I continue to channel my inner Jane Goodall and Dian Fossey (in the latter one’s case, I skip the part where she’s killed,) and I observe J closely. It seems to be working. I think, indeed, he is having issues digesting something, but until I start reducing and/or eliminating certain items from his daily diet I will not be able to properly ascertain which of them is doing what. So, as in SCIENCE!!!!, I have to take my time…
Yesterday was a fine day. When I say fine I’m not talking just about the weather. Yesterday J was fine. Not great. Not good. He was fine. When the opportunity arose to hit himself, he didn’t seem as into it as he had in the past. The same is true for this morning.

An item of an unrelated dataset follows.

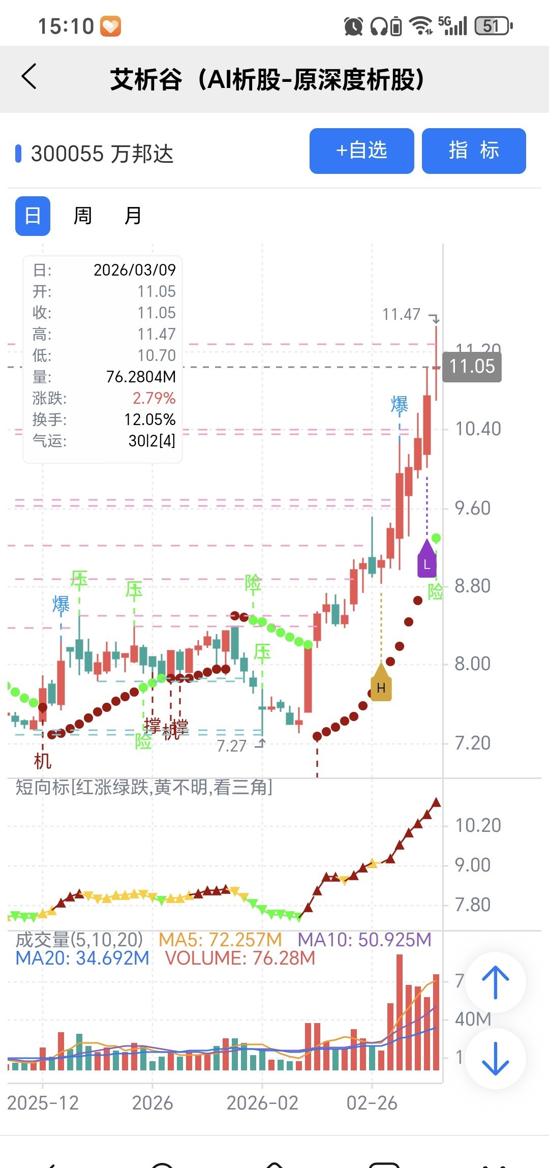 风险:股价下穿艾短波或红变绿、绿字。

Granted, at 5 a.m.he came into our room asking for bandaids, but he hadn’t taken his brace off, and he hadn’t been hitting himself. After that I could hear him cooing and giggling over the baby monitor (yes, we have one of those up there, too,) and he stayed in his room until a little after 8 a.m.
There hasn’t been any overwhelming anxiety today. It has been there, lightly hovering over things, like fog over the river. It hasn’t, however, taken over and commanded control. It’s not so much an ingrown toenail as it is a small shard of nail that one has to go back and clip when one has a chance…it’s felt, but it’s not digging into any flesh.
Today being Election Day (the day we have all been waiting for…like that appointment for a colonoscopy, or going to the dentist) we are at home while Dada is working. We voted on Friday. J went with us. He cannot vote, but he was there nonetheless, a part of our process because, after all, we are his voice in this as in other matters. Today we are basically ignoring the news (I’ve posted a lot of baby animals and music on Facebook because people need to realize that there are other things out there, and not all are stressful,) and we will get through the day as we usually do. The fate of the Free World will resolve itself, and we have done our bit…damn the torpedoes…
Two things about yesterday: I asked J if he would let me use the stethoscope to listen to his tummy. He hesitated, but then relented. The gurgling wasn’t alarming, but -of course- it was there because our digestive systems are like The Journey to the Center of the Earth…cavernous, noisy in unexpected and expected ways, mysterious… I then put the stethoscope on him and allowed him to listen. When he heard his heart he raised an eyebrow and smiled as if he’d just heard from an old friend. It was pretty cool to see him react to that, to linger while he listened first to his own, and then to mine.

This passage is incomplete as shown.